1.O capital social, é de R$ 419.131,00 (quatrocentos e dezenove mil, cento e trinta e hum reais) divididos em 419.131 (quatrocentos e dezenove mil cento e trinta e uma) quotas no valor de R$ 1,00 (hum real) cada uma, subscritas e integralizadas neste ato da seguinte forma:

1.a) A CS Participações Ltda,, subscreve 419.130 (quatrocentos e dezenove mil cento e trinta) quotas, integralizando-as através da incorporação a sociedade de 9.001 (nove mil e uma) ações ordinárias que detêm do Capital Social da Controlar S/A, sociedade estabelecida na Cidade de São Paulo, Capital do Estado de São Paulo, na Avenida Paulista, 2001, Conj.1417, Bela Vista, inscrita no CGC/MF sob nº 01.015.086/0001-99, registrada na Junta Comercial do Estado de São Paulo sob nº 353.001.443.09, em 04 de janeiro de 1.996. Estas ações são integralizadas pelo valor de R$ 419.130,00 (quatrocentos e dezenove mil cento e trinta reais);

1.b) O sócio Ivan Pio de Azevedo subscreve 1 (uma) quota no valor nominal de R$ 1,00 (hum real), integralizando-a neste ato em moeda legal e corrente no País.

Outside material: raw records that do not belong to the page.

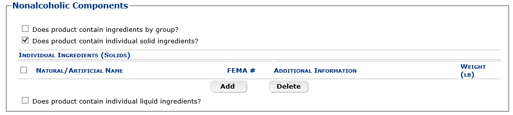 Formula Tab – Nonalcoholic Components – Solid Ingredients
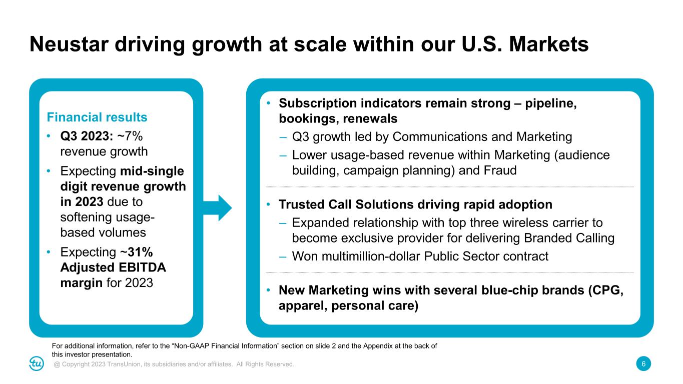 5@ Copyright 2023 TransUnion, its subsidiaries and/or affiliates. All Rights Reserved. *Revenue growth figures referenced above are organic constant currency. Third quarter 2023 highlights 3% organic revenue growth*, or 2% excluding U.S. mortgage 2% growth in U.S. Markets*, led by double-digit growth in Mortgage, Tech, Retail & E- Commerce, Public Sector and Media 10th straight quarter of double-digit International revenue growth*, led by India, Canada and Asia Pacific Prepayment of $75M in debt or $225M year-to- date; anticipate additional prepayments in Q4 Settlements of CFPB and FTC cases regarding rental screening and security freezes For additional information, refer to the “Non-GAAP Financial Information” section on slide 2 and the Appendix at the back of this investor presentation.
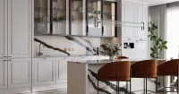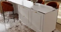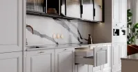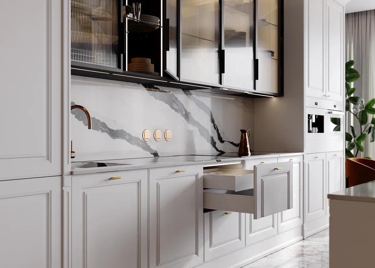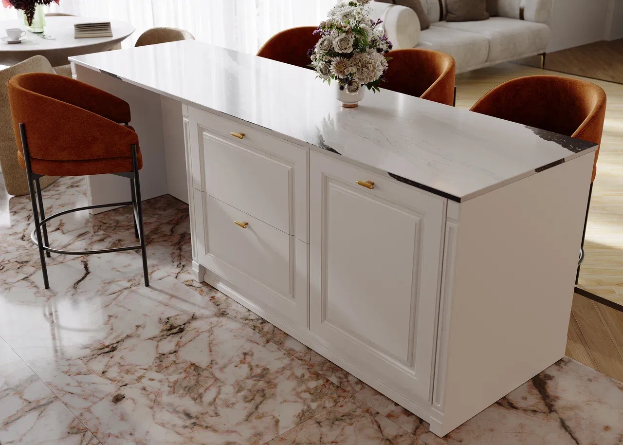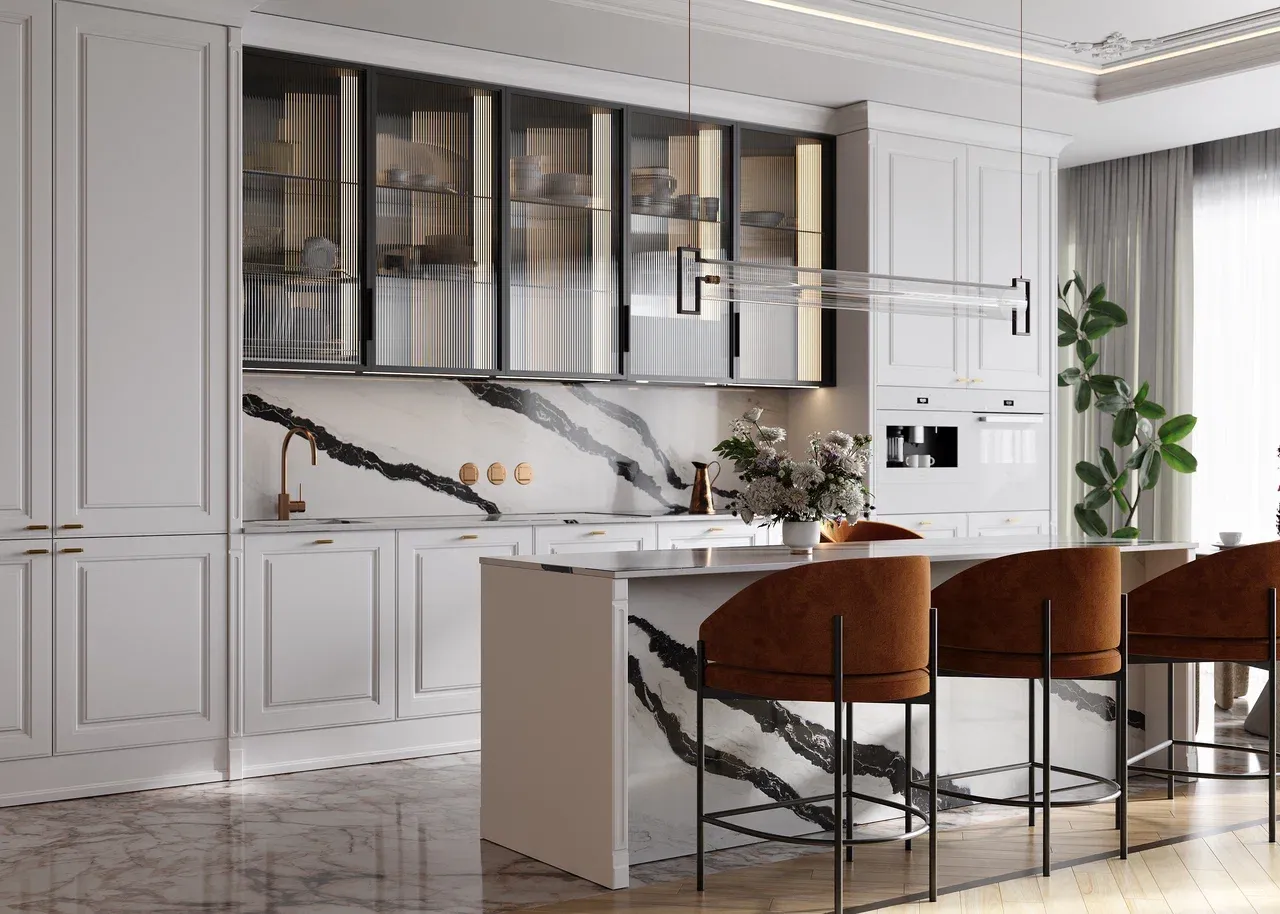 Светлая неоклассическая кухня с островом — кварцевая столешница с мраморным рисунком мягко сияет в обрамлении элегантных фасадов. Гармония воздушных тонов, античных пропорций и современной функциональности.

Posteriormente, em 28 de dezembro de 2.001, é que a empresa BR Inspeções atingiu o capital social de R$ 16.014.000,00 (dezesseis milhões e quatorze mil reais) (fls. 1.612/1613), depois elevado para R$ 28.780.066,00 (vinte e oito milhões, setecentos e oitenta mil e sessenta e seis reais), em 30 de abril de 2.008 (fls. 1625/1627), donde se nota que a sustentação inicial – ações da própria CONTROLAR – era a garantia de fundo.
Portanto, o capital social da BR Inspeções foi composto de ações da empresa CONTROLAR S.A., e era ele – o capital social da BR Inspeções o responsável pela sustentação do capital social da própria empresa CONTROLAR S.A., diante do entendimento dado de que a garantia econômica do contrato era do acionista.
O episódio parece suficiente para demonstrar a fórmula empregada.
A lógica formal exclui a garantia econômica de sustentação; o capital social passa a ser um jogo de palavras na diversidade dos contratos entabulados pelos empresários apenas para dar aparente legalidade.